Zhejiang Conba Pharmaceutical Co., Ltd (SHA: 600572) has announced that its modified version of US firm Marnac’s pirfenidone, in the form of an inhalable solution, has been approved for clinical trials in China. The drug is aimed at treating idiopathic pulmonary fibrosis (IPF), a progressive lung disease characterized by diffuse alveolitis and alveolar structural disorder.
Category 2.2 Drug Development for IPF
The Category 2.2 drug from Conba Pharmaceutical is part of a broader effort to develop treatments for idiopathic pulmonary interstitial fibrosis. Pirfenidone, known for its broad-spectrum anti-fibrotic effects, has already been approved to treat IPF in Japan, the US, and Europe.

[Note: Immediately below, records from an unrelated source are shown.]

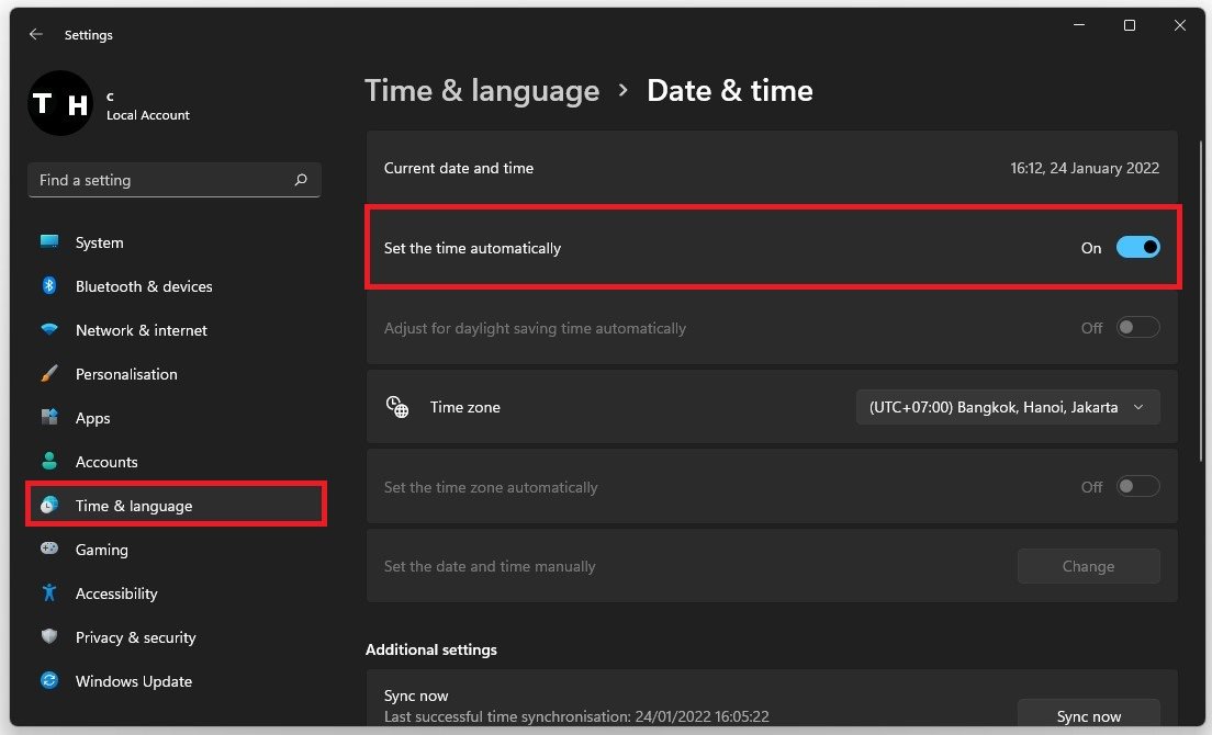 انتقل إلىالوقت واللغةعلامة التبويب في الإعدادات الخاصة بك وانقر فوقالتاريخ والوقت. تأكد مناضبط الوقت تلقائيًاتم تمكين الخيار. إذا كان هذا هو الحال بالفعل، فقم بإلغاء تحديد هذا الخيار وإعادة تحديده.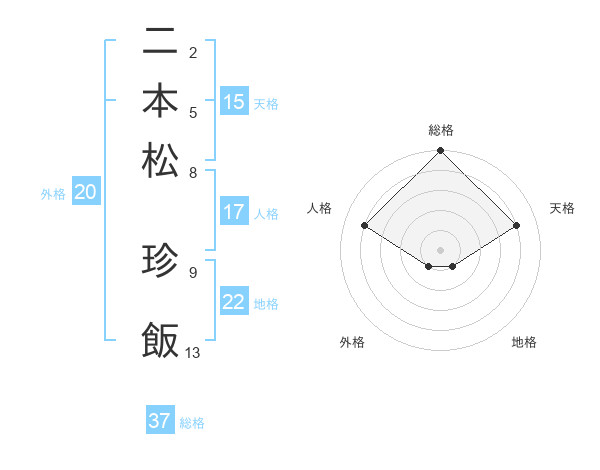 二本松 珍飯さんを姓名の画数から五運を鑑定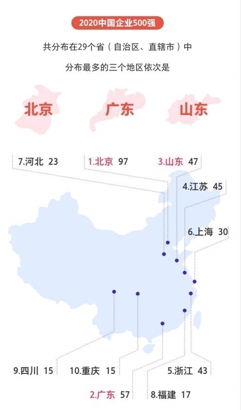 2020中国企业500强共分布在29个省(自治区、直辖市)中,分布最多的三个地区依次是北京、广东和山东。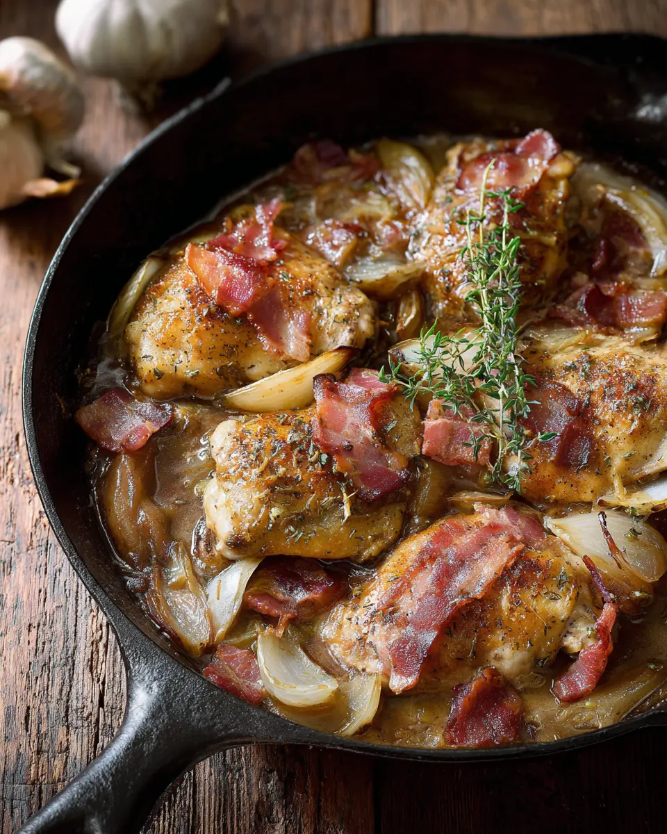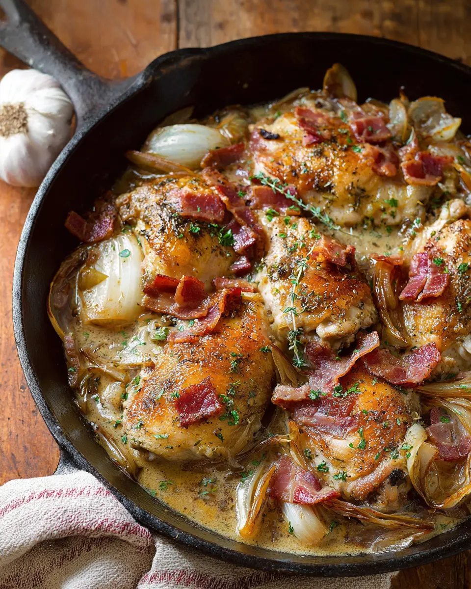 Introduction to Chicken Fricassée with Shallots and Turkey Bacon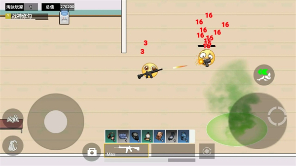 2、拾取武器后,攻击敌人,积累总值,提升自身战力。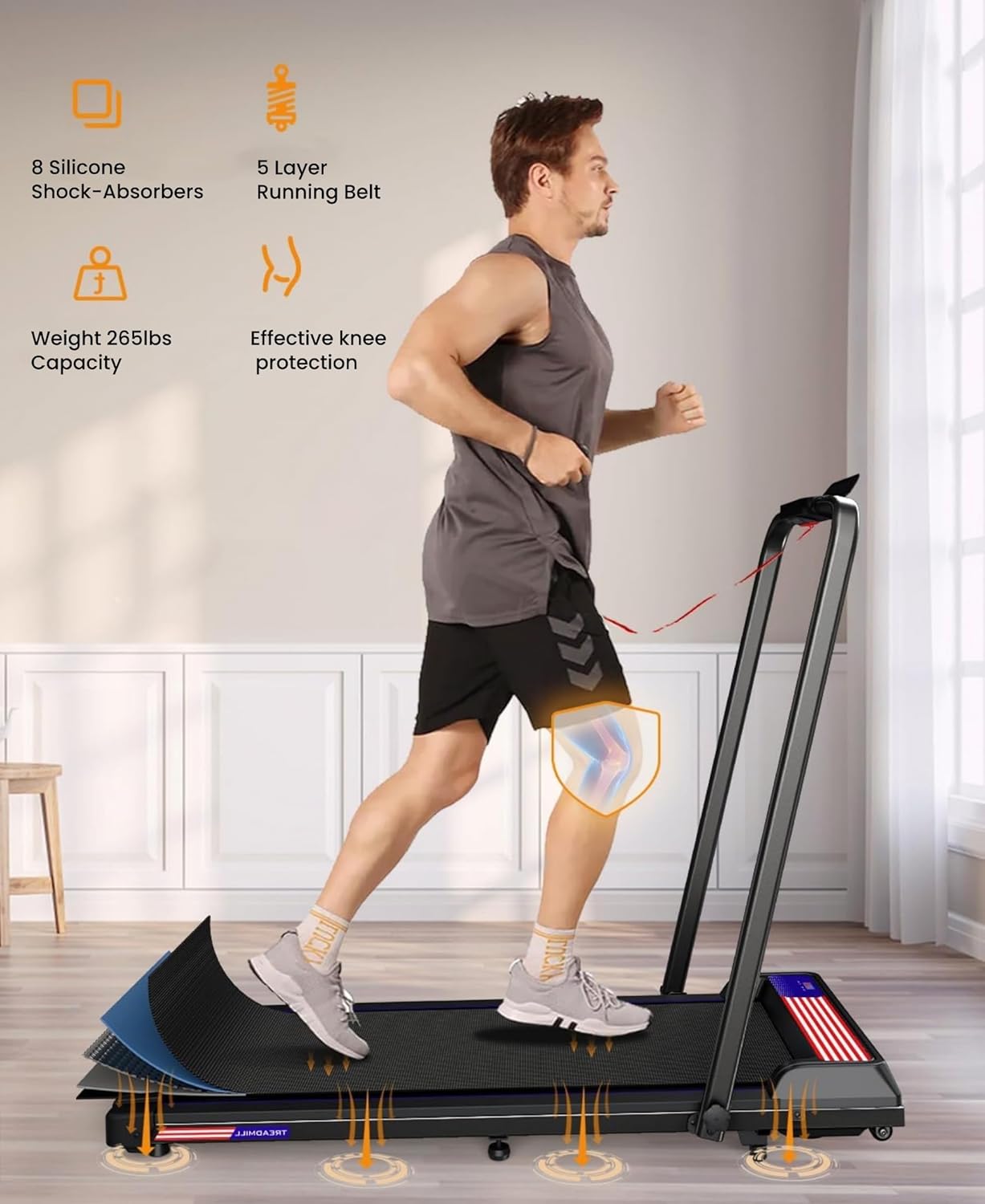 Versatile Functionality: This treadmill features two exercise modes: Walking mode with a speed range of 0.6 to 3.8 mph and running mode that goes up to 7.6 mph. this walking pad treadmill allows you to stay active

Market Presence of Pirfenidone in China
In China, Continent Pharma’s pirfenidone capsules were the first to obtain marketing approval in 2013, becoming the first Category 1 drug to treat mild to moderate IPF with National Reimbursement Drug List (NRLD) status from 2017. Kawin Technology’s generic version of the tablets received market approval in September 2019. The sales of pirfenidone in China reached RMB 526 million for capsules and RMB 33 million for tablets in 2022.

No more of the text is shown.